### WORK ORDER:
Return the lines beginning at the one that contains "这是因为编译器在结构体中自动" and running to the end of the records, exactly and with nothing else. Omit pictures.

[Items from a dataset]
----------

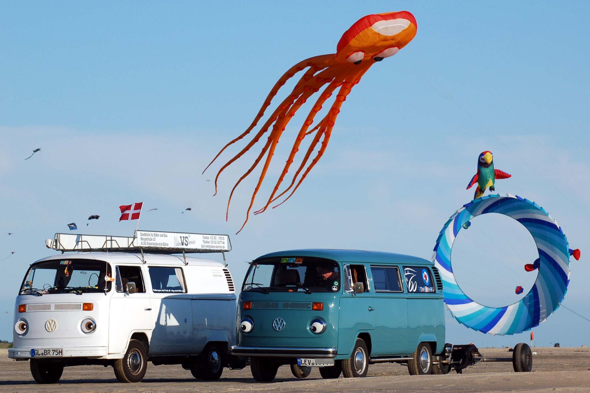 Sind wieder zurück von der Insel der Drachenflieger. Es war eine tolle Woche, die Bullis haben mal den dänischen Strand gesehen und uns mit all unserem Kram treu nach Fanö und zurück transportiert. Das kann ich nur jedem empfehlen
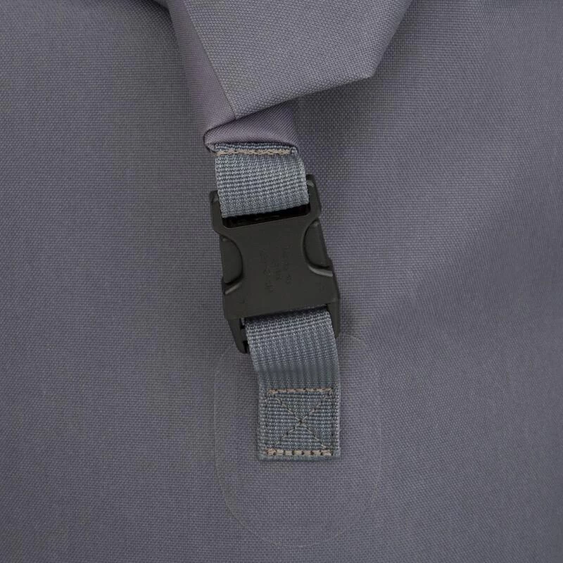 1/ rouler le haut du sac 5 fois avec soin, en serrant les plis sur l’épaisseur de la sangle
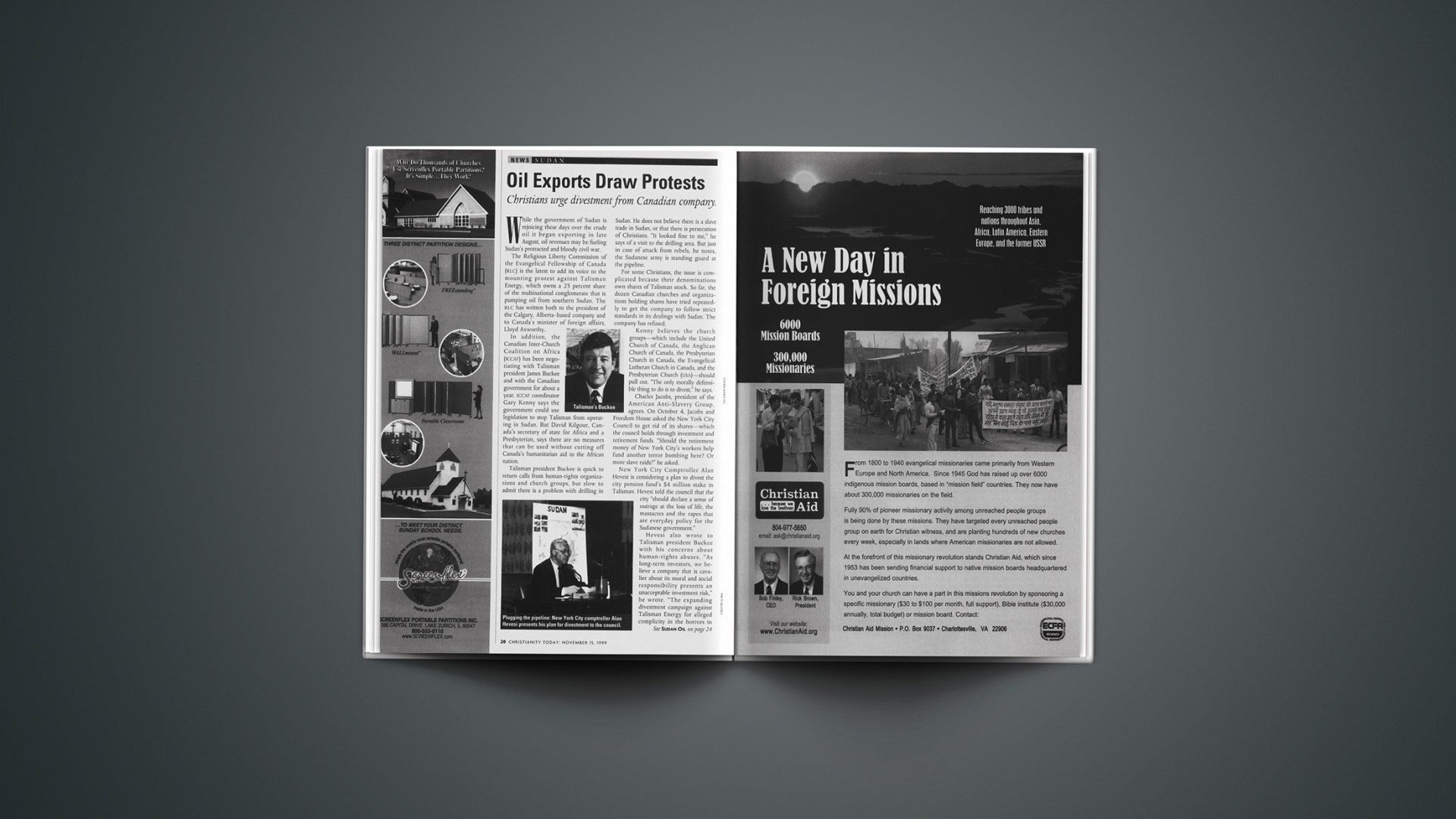 The Religious Liberty Commission of the Evangelical Fellowship of Canada (RLC) is the latest to add its voice to the mounting protest against Talisman Energy, which owns a 25 percent share of the multinational conglomerate that is pumping oil from southern Sudan. The RLC has written both to the president of the Calgary, Alberta-based company and to Canada’s minister of foreign affairs, Lloyd Axworthy.
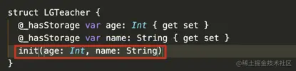 这是因为编译器在结构体中自动帮助我们合成了初始化方法,也就以为着我们可以这样调用:
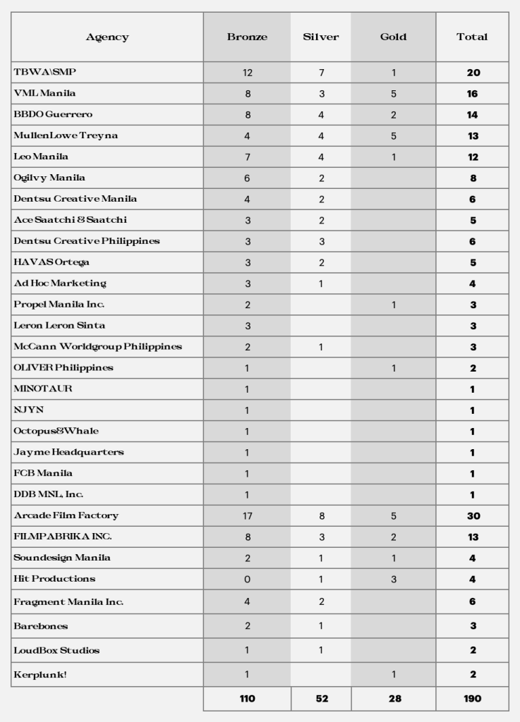 Meanwhile, in Young Lions, Bronze went to PublicisJimenezBasic’s Catch Madrid and Josh Laxamana, Silver to Woo’s Irijah De Leon and Jake Sans Relano, and Gold to VML Manila’s Hennina Salud and John Cedric Peji, who will be representing the country at the annual Young Lions competition in Cannes.
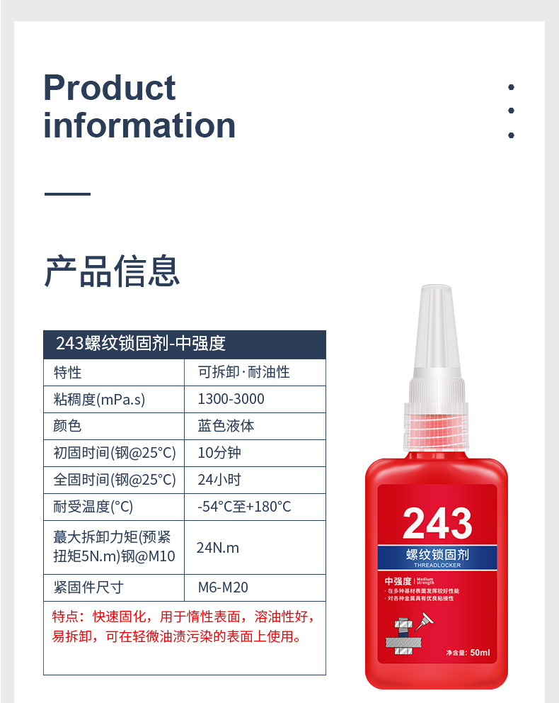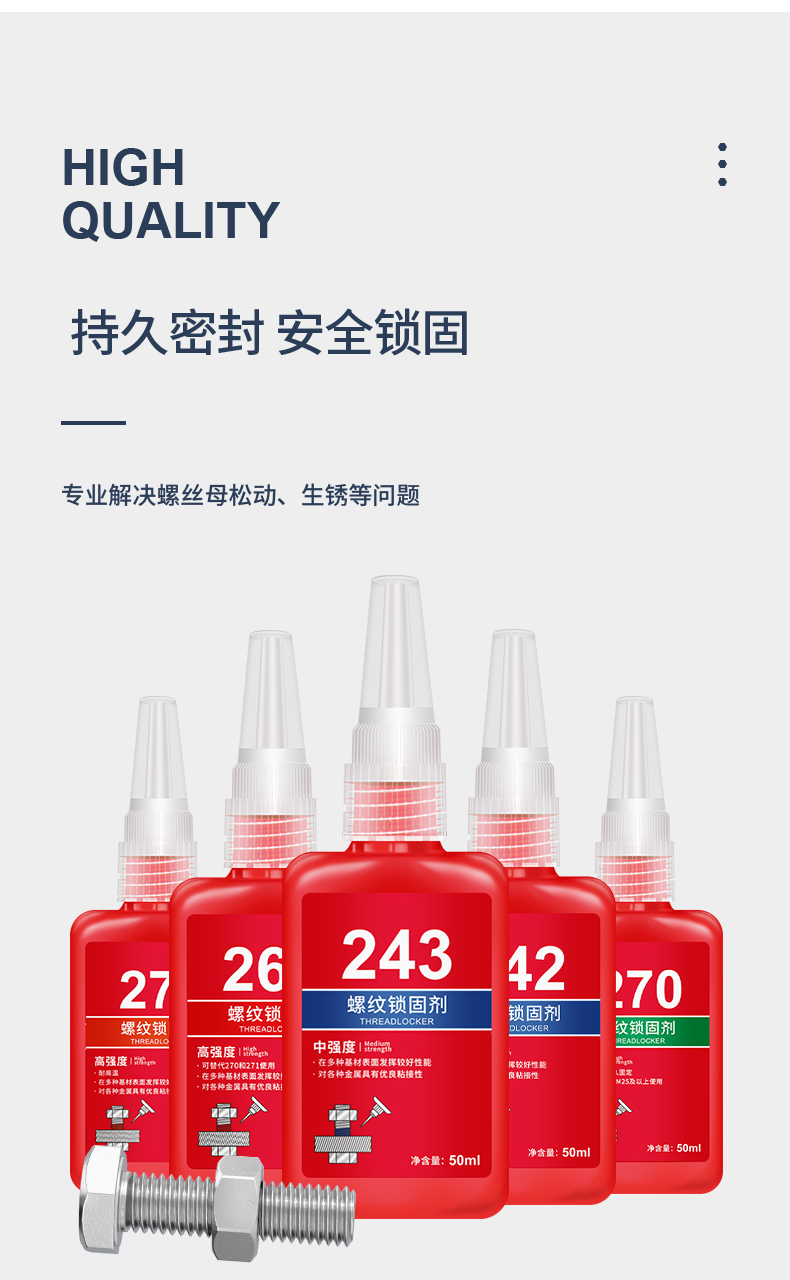 佰瑞特高强度螺丝锁固胶螺纹紧固防松胶水金属密封防盗耐高温药剂
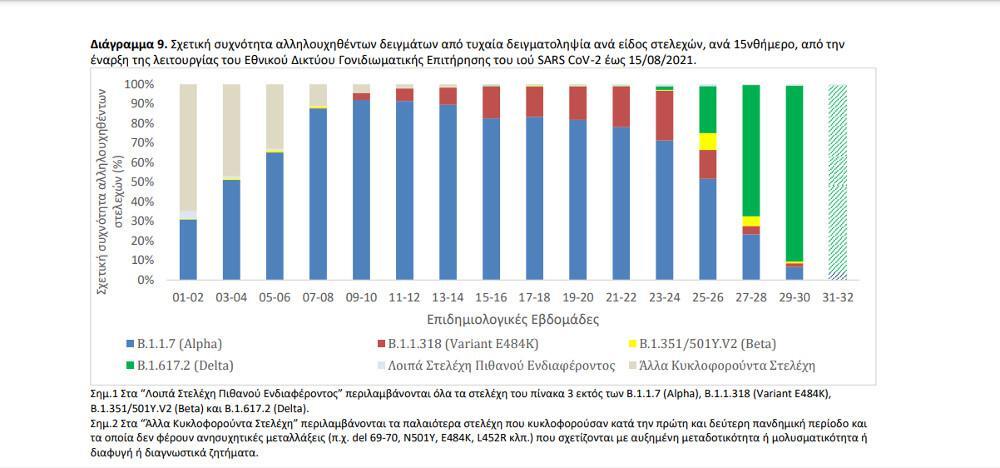 Η διαχρονική εξέλιξη της σχετικής συχνότητας των αλληλουχηθέντων δειγμάτων από τυχαία δειγματοληψία ανά είδος στελεχών, μέχρι και την εβδομάδα 30 απεικονίζεται στο Διάγραμμα 9, ενώ δίνονται επιπλέον προσωρινά στοιχεία για τις εβδομάδες 31-32.

----------

### PROBLEM SOLUTION:
 这是因为编译器在结构体中自动帮助我们合成了初始化方法,也就以为着我们可以这样调用:
 Meanwhile, in Young Lions, Bronze went to PublicisJimenezBasic’s Catch Madrid and Josh Laxamana, Silver to Woo’s Irijah De Leon and Jake Sans Relano, and Gold to VML Manila’s Hennina Salud and John Cedric Peji, who will be representing the country at the annual Young Lions competition in Cannes.
 佰瑞特高强度螺丝锁固胶螺纹紧固防松胶水金属密封防盗耐高温药剂
 Η διαχρονική εξέλιξη της σχετικής συχνότητας των αλληλουχηθέντων δειγμάτων από τυχαία δειγματοληψία ανά είδος στελεχών, μέχρι και την εβδομάδα 30 απεικονίζεται στο Διάγραμμα 9, ενώ δίνονται επιπλέον προσωρινά στοιχεία για τις εβδομάδες 31-32.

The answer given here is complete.